Supplied data below:
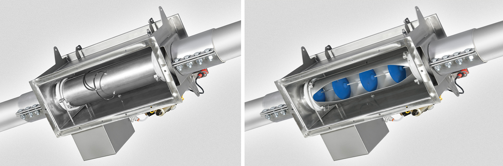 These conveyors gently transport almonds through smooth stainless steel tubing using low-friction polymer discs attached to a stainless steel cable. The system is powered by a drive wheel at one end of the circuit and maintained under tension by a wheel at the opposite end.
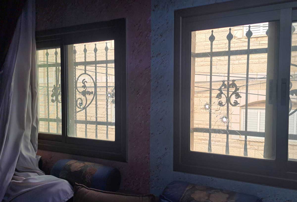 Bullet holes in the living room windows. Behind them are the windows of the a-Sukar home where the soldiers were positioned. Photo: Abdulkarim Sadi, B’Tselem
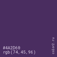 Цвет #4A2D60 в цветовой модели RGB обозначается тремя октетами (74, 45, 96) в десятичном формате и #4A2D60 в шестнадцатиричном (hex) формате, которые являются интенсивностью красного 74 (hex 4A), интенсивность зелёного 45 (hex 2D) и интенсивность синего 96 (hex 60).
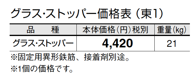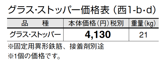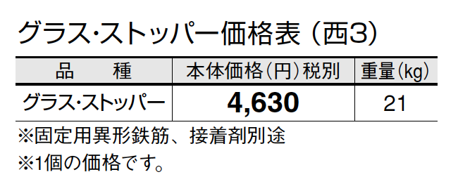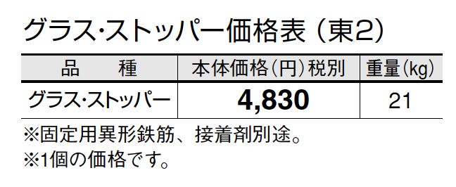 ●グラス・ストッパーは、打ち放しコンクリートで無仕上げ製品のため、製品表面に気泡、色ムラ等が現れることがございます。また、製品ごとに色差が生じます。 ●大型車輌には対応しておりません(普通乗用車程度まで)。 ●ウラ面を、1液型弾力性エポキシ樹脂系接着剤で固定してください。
End of Supplied data.
Supplied data below:
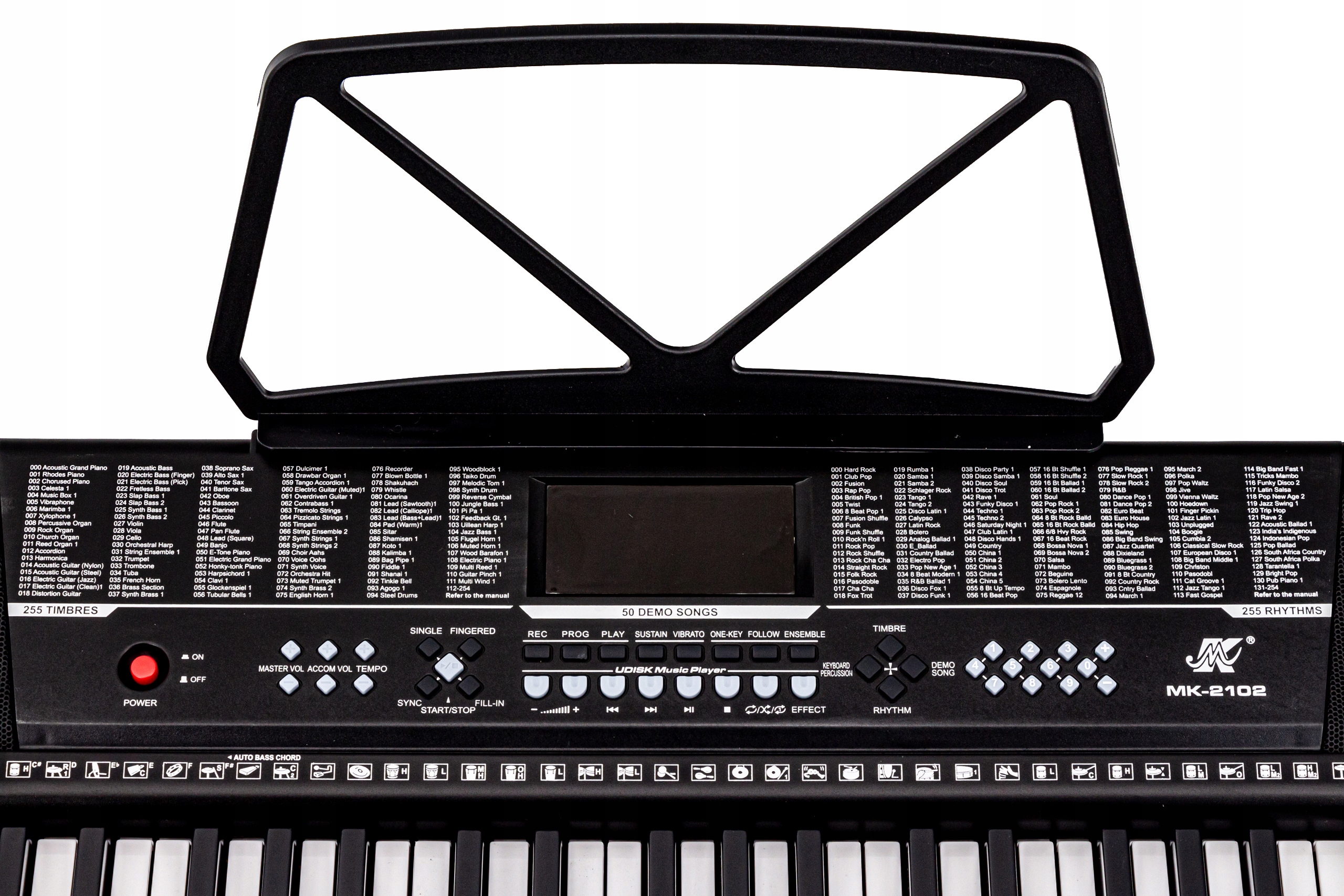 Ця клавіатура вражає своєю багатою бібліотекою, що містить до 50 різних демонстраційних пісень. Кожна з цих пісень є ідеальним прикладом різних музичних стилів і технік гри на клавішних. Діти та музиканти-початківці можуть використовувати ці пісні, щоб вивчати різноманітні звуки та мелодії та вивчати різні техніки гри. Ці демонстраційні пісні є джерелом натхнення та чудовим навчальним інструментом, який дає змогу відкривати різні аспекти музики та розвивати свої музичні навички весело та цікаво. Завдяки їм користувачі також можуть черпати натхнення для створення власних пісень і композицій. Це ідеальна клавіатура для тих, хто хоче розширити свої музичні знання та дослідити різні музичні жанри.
End of Supplied data.
Supplied data below:
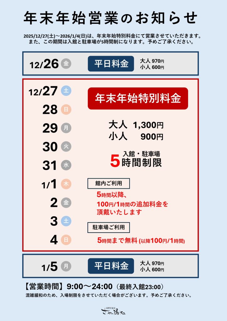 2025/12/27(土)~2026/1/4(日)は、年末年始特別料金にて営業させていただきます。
End of Supplied data.
Starting at the line containing "These conveyors gently" and stopping at the line containing "Цвет #4A2D60 в", output every line above exactly, both ends included, with pictures omitted.

→ **Answer section**
 These conveyors gently transport almonds through smooth stainless steel tubing using low-friction polymer discs attached to a stainless steel cable. The system is powered by a drive wheel at one end of the circuit and maintained under tension by a wheel at the opposite end.
 Bullet holes in the living room windows. Behind them are the windows of the a-Sukar home where the soldiers were positioned. Photo: Abdulkarim Sadi, B’Tselem
 Цвет #4A2D60 в цветовой модели RGB обозначается тремя октетами (74, 45, 96) в десятичном формате и #4A2D60 в шестнадцатиричном (hex) формате, которые являются интенсивностью красного 74 (hex 4A), интенсивность зелёного 45 (hex 2D) и интенсивность синего 96 (hex 60).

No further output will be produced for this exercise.